Credit Card Rakings for January 2011

Discover More No Balance Transfer Fee Credit CardHere are the credit card rankings for January 2011. These rankings are based on the cards we recommend here on www.BalanceTransfer.cc. As always, these rank are based on both the volume of applications, and approvals. Here's the list:

  1. The Discover® More No Balance Transfer Fee Card (click here)

  2. Discover More Card - 24 Month Promotional Balance Transfer Card (click here)

  3. The Classic Discover More Card (click here)

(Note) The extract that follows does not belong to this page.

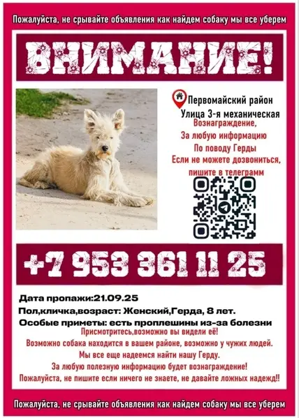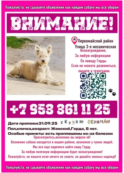ул. 3-я Механическая, Первомайский район ПРОПАЛА СОБАКА,ВСЕ ЕЩЕ НАДЕЕМСЯ НА КАКУЮ-ЛИБО ИНФОРМАЦИЮ Герда, добрая и игривая собака, не против пообщаться с другими песиками, совсем не агрессивная. Собачка болеет неизлечимой болезнью, является не заразной для других. В момент пропажи к сожалению была без ошейника. Она не приспособлена к морозу, т. К подшестка у неё толком нету. За все дни поисков ни одного звонка по поводу неё, мы объездили почти всю Первомайку, без толку, никто не видел нашу девочку. Переживаю что с ней что-то могло случится.. Вознаграждение за любую информацию гарантировано! С нетерпением ждем возвращения нашей Герды домой. Пожалуйста, помогите нам найти ее

  4. Slate from Chase (click here)

  5. The Chase Freedom® MasterCard® with $100 Bonus Cash Back (click here)

  6. The Chase Freedom® Visa® with $100 Bonus Cash Back (click here)

Not surprisingly, Discover's No Balance Transfer Fee card, and its 24 Month Promotional Balance Transfer card, were extremely popular last month, as these two cards are easily the best 0% credit cards in the United States right now. Here what these two cards are currently offering:

Discover® More No Balance Transfer Fee Card
  • 0% Intro APR on transferred balances for 12 months.
  • 0% Intro APR on new purchases for 12 months.
  • No balance transfer fee
  • No Annual Fee

Discover More Card - 24 Month Promotional Balance Transfer Card
  • 0% Intro APR on transferred balances for 24 months.
  • 0% Intro APR on new purchases for 6 months.
  • Balance transfer fee: 5% of each transfer made, with a minimum transfer fee of $10.
  • No Annual Fee
Moreover, both of the above cards come with Discover's industry leading cashback rewards program.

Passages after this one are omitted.